Vítima do comunismo durante décadas, o Leste europeu naturalmente rejeita fortemente essa ideologia – no caso da Ucrânia, esse repúdio é ainda mais destacado, com uma das legislações anticomunistas mais severas do mundo.
Em 2015, o parlamento ucraniano aprovou uma lei que proíbe a divulgação de conteúdos apoiando o comunismo e o nazismo, a negação pública do caráter criminoso desses regimes e o uso de seus símbolos, além de outra lei que legalizou as organizações políticas e paramilitares que enfrentaram o regime soviético durante a Segunda Guerra Mundial.
Com base nessa legislação, a Ucrânia proibiu as atividades de partidos comunistas no país e passou a demolir monumentos e a modificar nomes de logradouros públicos que homenageavam personagens históricos do comunismo.
Em 2019, o Tribunal Constitucional, ao ratificar a lei que iguala o comunismo ao nazismo – cuja transgressão prevê pena de até cinco anos de prisão para indivíduos e fechamento de organizações, cujos responsáveis podem ser encancerados por até dez anos -, pontuou que “o regime comunista, como o regime nazista, infligiu danos irreparáveis aos direitos humanos porque durante sua existência exerceu total controle sobre a sociedade e perseguições e repressões politicamente motivadas, violou suas obrigações internacionais e suas próprias constituições e leis”.
“A rejeição ao comunismo é natural, por ser uma das experiências mais nefastas da história da humanidade. Mas não se trata de uma simples rejeição ao comunismo, e sim com relação a todos os totalitarismos. A lei de 2015 não é apenas uma rejeição ao comunismo, mas uma equiparação da manifestação de ideias comunistas às nazistas.
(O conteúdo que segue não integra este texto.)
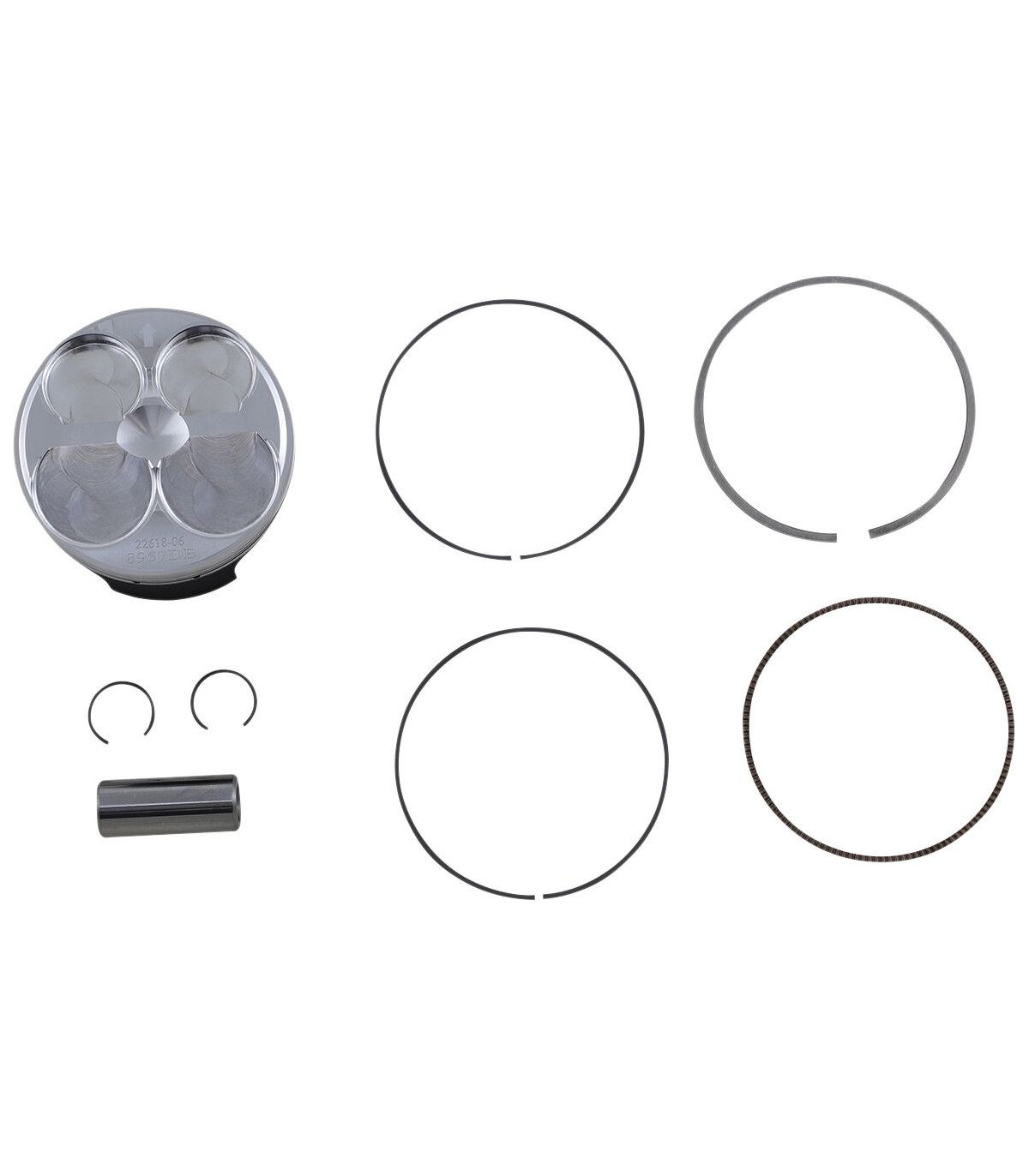 Piston Kit for 4 StrokeEnhanced piston pin oiling slots, radial boss machining, and annular grooves for improved wrist pin lubricationLightweight piston with a tight piston wall clearance for a quieter running engineSkirt coated for reduced friction and improved break in performanceRing land treatment for improved ring seal and oil controlDouble bridged forging design where notedKit includes piston, rings, wrist pin and pin locksDouble bridge forging.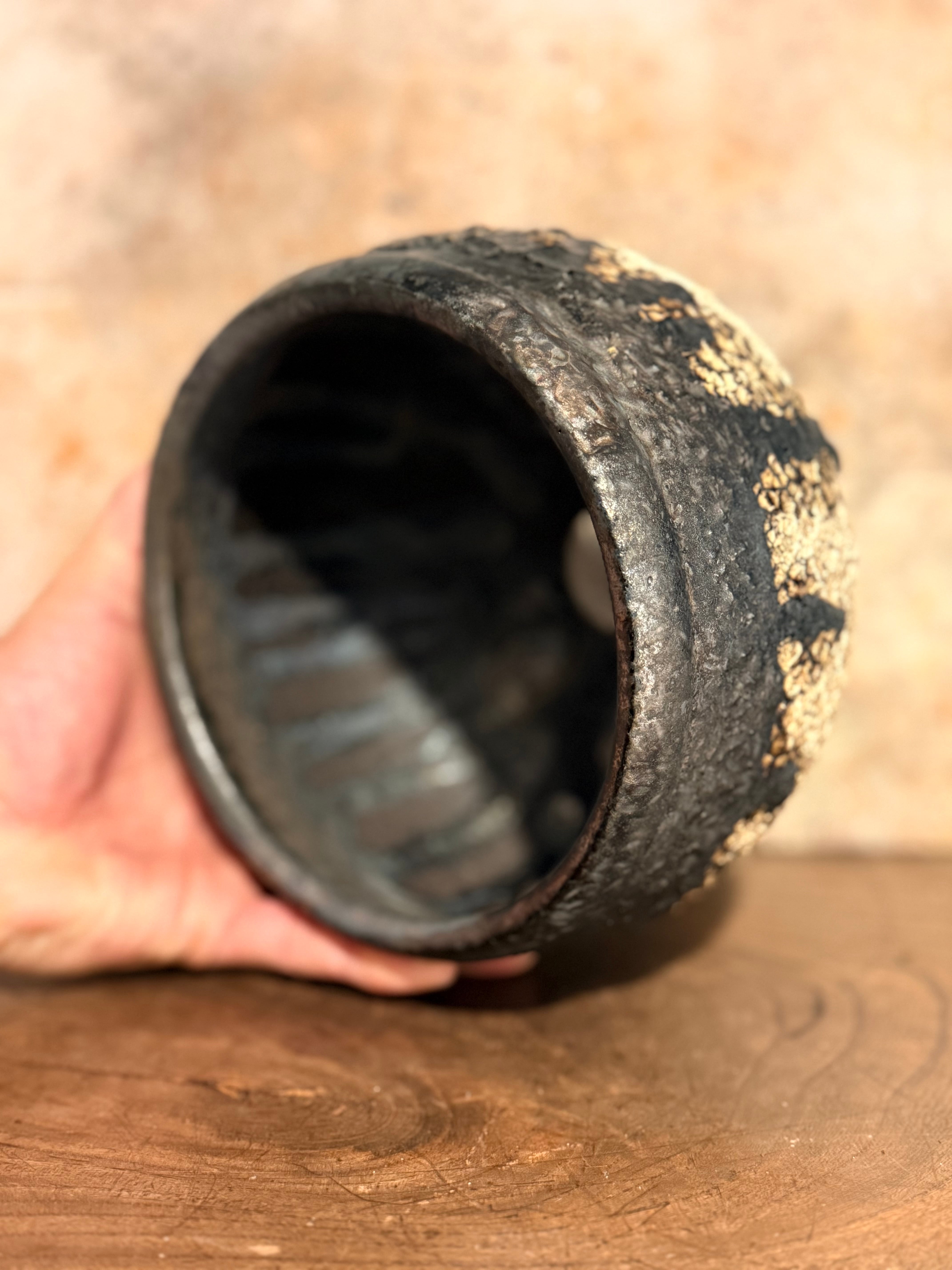炭化させあえて汚れた感じにする事によりビンテージ感を感じさせてくれる一品。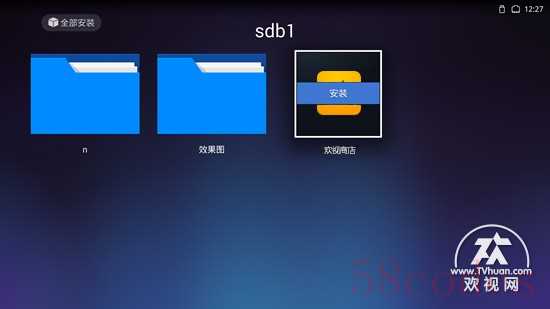 3、盒子会自动识别u盘里的apk,点击安装即可。

Ou seja, é um rechaço ao totalitarismo em si, independentemente da figura política que ele assuma”, afirma Eduardo Saldanha, especialista em relações internacionais e professor da Escola de Direito da Pontifícia Universidade Católica do Paraná (PUCPR).
O analista acrescenta, porém, que a experiência com o comunismo evidentemente contribuiu para a intensa rejeição ucraniana ao comunismo.
“A Ucrânia sofreu muito durante o comunismo, me arrisco a dizer que sofreu muito mais com o comunismo do que com o nazismo. O rechaço às manifestações nazistas já existia, mas o que me surpreende é que tenha demorado a se dar o mesmo tratamento ao comunismo. Não podemos esquecer o Holodomor”, justifica, numa referência ao desastroso programa de reorganização da agricultura nos estados soviéticos que matou entre 2 milhões e 12 milhões de ucranianos de fome entre 1932 e 1933.
Leis vieram após agressões russas à soberania ucraniana
As leis anticomunista e de reconhecimento a grupos antissoviéticos foram aprovadas um ano após a anexação da península da Crimeia pela Rússia e do início da guerra em Donbass, onde grupos separatistas apoiados pelos russos declararam duas repúblicas independentes.
À época, o Ministério das Relações Exteriores da Rússia criticou as leis, alegando que elas “correspondem às ideias distorcidas que estão sendo propagadas pelas autoridades em exercício na Ucrânia” e que serviriam para “introduzir métodos totalitários para liquidar partidos inadequados”.
Além disso, Moscou alegou que reconhecer os grupos antissoviéticos do período da Segunda Guerra Mundial seria uma homenagem a “colaboradores nazistas”.
Saldanha acredita que em parte as leis de 2015 foram uma resposta à agressão à soberania ucraniana deflagrada pela Rússia no ano anterior, mas que a demora para a Ucrânia editar uma legislação anticomunista, mais de 20 anos após o fim da União Soviética, também tem a ver com uma “lembrança do sistema soviético, um saudosismo” minoritário, mas ainda presente na Europa oriental.
“Dentro da própria Ucrânia, de Belarus, da Geórgia, em toda aquela região, ainda existe um ideário comunista muito forte, muito presente, ao contrário do que aconteceu com o nazismo, que foi basicamente exterminado como ideário, a não ser por alguns grupos sem qualquer conexão com a realidade. O comunismo ainda é uma ideologia aplicada em alguns lugares do mundo e tida por alguns como uma esperança”, explica o professor.